[Start of Attachment]
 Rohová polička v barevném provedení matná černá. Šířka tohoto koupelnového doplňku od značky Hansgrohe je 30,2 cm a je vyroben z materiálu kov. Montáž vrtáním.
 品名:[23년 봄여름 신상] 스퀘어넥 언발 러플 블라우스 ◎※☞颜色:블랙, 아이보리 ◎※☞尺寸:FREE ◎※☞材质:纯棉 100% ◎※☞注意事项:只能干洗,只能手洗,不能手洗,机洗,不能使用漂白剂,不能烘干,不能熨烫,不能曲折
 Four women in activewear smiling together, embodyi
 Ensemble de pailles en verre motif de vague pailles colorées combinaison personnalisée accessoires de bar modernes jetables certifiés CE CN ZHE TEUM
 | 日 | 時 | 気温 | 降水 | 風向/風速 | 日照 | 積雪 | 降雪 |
[End of Attachment]
[Start of Attachment]
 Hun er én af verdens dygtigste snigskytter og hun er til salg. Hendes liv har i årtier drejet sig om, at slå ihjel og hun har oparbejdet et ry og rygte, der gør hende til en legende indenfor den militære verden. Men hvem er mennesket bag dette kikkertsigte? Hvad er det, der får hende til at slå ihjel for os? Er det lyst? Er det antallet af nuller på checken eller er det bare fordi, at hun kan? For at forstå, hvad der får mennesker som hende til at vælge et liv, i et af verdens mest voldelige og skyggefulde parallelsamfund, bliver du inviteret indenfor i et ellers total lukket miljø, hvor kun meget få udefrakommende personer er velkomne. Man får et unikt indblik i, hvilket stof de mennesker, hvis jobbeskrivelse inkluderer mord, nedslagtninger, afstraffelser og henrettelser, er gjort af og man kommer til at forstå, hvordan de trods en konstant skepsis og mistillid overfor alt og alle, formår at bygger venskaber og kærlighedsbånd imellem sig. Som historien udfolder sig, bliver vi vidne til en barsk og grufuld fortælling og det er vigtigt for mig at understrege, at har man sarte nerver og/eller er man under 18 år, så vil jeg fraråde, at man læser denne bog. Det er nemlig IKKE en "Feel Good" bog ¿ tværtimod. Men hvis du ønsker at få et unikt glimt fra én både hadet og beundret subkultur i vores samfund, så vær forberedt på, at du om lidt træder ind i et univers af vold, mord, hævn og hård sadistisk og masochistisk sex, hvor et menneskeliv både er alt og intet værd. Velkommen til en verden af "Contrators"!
[End of Attachment]
* _EXERCISE DIRECTIONS_
Using the records above, write out exactly the lines between the one holding "品名:[23년 봄여름 신상]" and the one holding "日照 | 積雪 | 降雪 |", inclusive; leave everything else out.

* _RESPONSE FOR THIS EXERCISE_
 品名:[23년 봄여름 신상] 스퀘어넥 언발 러플 블라우스 ◎※☞颜色:블랙, 아이보리 ◎※☞尺寸:FREE ◎※☞材质:纯棉 100% ◎※☞注意事项:只能干洗,只能手洗,不能手洗,机洗,不能使用漂白剂,不能烘干,不能熨烫,不能曲折
 Four women in activewear smiling together, embodyi
 Ensemble de pailles en verre motif de vague pailles colorées combinaison personnalisée accessoires de bar modernes jetables certifiés CE CN ZHE TEUM
 | 日 | 時 | 気温 | 降水 | 風向/風速 | 日照 | 積雪 | 降雪 |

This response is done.